First Step: take merged data from geoduck transcriptomes and upload to R
countMatrix<-read.table(file="https://raw.githubusercontent.com/sr320/nb-2022/main/P_generosa/analyses/kallisto-0207.isoform.counts.matrix", header=TRUE, sep = '\t')
names(countMatrix)[1]<-"target_id"
head(countMatrix)
Second Step: take blast data and load
#load blast data, see blasting .sh file to see code (in GItHub)
blast_data<-read.table(file="https://gannet.fish.washington.edu/gigas/Panopea-generosa-uniprot_blastx.tab")
names(blast_data)[1]<-"target_id" #renamed to match countMATRIX data
names(blast_data)[2]<-"identifiers" #renamed to search in uniprot swiss prot
Third Step: merge blast data with geoduck transcriptome data
library(dplyr)
library(tidyr)
#merging target_ids to count Matrix to get identifies for swissprot
generosa_counts<-full_join(blast_data, countMatrix, by = "target_id")

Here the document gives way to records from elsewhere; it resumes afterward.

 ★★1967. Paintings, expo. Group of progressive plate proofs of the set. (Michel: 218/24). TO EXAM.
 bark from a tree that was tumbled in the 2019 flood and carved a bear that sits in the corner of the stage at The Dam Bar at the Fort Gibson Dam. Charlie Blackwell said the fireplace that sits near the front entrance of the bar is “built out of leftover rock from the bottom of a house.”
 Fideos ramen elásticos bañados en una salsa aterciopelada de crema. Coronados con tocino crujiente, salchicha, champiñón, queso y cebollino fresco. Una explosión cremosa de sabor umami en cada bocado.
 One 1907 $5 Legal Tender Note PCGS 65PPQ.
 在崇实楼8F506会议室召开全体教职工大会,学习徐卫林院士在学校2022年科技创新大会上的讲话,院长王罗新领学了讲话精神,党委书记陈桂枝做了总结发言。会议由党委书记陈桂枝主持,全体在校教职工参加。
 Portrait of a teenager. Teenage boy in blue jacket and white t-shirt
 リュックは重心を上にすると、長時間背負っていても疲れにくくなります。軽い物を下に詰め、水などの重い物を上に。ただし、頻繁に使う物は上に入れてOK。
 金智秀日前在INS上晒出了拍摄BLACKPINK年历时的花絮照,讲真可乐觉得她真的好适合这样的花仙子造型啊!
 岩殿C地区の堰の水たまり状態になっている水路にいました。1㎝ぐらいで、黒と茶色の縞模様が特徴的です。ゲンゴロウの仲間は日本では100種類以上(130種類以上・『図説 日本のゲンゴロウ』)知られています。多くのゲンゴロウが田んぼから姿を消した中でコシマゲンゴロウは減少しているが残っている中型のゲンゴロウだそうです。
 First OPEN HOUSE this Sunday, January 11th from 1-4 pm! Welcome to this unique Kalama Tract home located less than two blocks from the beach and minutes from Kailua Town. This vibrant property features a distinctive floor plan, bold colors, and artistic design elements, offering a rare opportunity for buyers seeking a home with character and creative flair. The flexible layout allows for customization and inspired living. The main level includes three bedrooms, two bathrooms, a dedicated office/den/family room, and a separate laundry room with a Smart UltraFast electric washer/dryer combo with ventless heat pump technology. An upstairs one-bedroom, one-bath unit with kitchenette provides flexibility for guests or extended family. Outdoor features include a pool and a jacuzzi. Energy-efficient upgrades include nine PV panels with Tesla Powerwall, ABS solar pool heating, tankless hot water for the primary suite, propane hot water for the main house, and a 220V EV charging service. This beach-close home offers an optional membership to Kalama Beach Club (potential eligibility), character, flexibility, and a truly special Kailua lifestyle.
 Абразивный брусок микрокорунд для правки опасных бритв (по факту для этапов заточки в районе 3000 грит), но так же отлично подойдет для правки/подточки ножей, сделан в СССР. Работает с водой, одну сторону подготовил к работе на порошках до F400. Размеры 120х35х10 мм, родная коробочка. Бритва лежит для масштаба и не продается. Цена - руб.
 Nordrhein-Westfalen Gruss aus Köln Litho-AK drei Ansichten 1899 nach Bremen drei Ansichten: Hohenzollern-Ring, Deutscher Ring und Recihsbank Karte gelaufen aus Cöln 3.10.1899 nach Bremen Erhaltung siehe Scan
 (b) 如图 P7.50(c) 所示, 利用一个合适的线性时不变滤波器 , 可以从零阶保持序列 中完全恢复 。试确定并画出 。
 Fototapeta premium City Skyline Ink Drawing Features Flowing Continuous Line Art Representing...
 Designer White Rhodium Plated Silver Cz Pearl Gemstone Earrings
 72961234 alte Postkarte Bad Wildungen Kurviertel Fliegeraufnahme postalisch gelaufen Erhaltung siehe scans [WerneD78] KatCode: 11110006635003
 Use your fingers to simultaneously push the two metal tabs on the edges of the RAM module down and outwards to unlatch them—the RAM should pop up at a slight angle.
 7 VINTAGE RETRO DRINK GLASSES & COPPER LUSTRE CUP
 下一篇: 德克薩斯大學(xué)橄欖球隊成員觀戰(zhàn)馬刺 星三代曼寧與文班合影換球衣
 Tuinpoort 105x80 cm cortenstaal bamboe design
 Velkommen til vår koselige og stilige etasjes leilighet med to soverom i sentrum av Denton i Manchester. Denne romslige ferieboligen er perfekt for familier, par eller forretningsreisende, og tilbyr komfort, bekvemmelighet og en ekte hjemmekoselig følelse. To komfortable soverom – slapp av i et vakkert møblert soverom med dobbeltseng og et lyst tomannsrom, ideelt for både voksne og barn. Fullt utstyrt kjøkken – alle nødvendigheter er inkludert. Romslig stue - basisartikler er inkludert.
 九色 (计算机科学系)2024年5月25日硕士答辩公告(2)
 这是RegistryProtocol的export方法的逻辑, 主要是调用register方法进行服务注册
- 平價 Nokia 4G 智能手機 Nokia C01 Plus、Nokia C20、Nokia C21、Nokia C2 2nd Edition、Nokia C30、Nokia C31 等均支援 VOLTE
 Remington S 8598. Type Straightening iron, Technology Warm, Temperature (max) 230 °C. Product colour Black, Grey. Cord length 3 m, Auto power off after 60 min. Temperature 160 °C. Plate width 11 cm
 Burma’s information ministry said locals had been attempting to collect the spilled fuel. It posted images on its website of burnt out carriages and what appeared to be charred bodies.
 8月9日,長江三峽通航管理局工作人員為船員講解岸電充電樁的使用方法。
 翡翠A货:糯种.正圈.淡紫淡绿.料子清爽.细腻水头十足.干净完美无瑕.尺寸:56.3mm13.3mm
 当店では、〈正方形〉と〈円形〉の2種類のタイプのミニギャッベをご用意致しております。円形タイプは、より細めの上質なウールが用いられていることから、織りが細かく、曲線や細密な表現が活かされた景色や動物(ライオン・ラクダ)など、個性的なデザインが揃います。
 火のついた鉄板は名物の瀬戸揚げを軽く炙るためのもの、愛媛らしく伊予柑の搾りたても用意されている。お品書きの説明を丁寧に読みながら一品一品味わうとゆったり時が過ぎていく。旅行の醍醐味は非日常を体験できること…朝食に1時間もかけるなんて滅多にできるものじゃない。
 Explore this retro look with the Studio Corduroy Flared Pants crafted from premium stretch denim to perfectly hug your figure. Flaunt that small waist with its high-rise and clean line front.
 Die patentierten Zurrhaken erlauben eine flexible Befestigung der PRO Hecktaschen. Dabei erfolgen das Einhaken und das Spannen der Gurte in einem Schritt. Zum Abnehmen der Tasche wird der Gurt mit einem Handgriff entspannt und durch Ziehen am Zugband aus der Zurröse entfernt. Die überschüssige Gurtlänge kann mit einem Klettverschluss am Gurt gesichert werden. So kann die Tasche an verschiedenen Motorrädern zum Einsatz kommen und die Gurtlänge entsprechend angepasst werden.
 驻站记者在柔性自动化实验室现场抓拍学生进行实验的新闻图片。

generosa_counts<-generosa_counts[-c(3:12)] # not every target ID has a protein identifier...could be an issue later on....
generosa_counts[complete.cases(generosa_counts),]
#blast_data<-read.csv(file="/Users/oliviacattau/Documents/analysis/code/generosa_counts.csv")#lost count data due to excel stupidity
generosa_counts$identifiers<-sub("\\.\\d+$", "", generosa_counts$identifiers) #removed decimal after identifiers so match Uniprot format
Fourth Step: Go to Uniprot website and grab all go terms for all reviewed proteins
#loaded into gannet and pulled down
uniprot_all_reviewed<-read.csv(file="https://gannet.fish.washington.edu/gigas/uniprot-reviewed_yes.tab", sep='\t', header=TRUE)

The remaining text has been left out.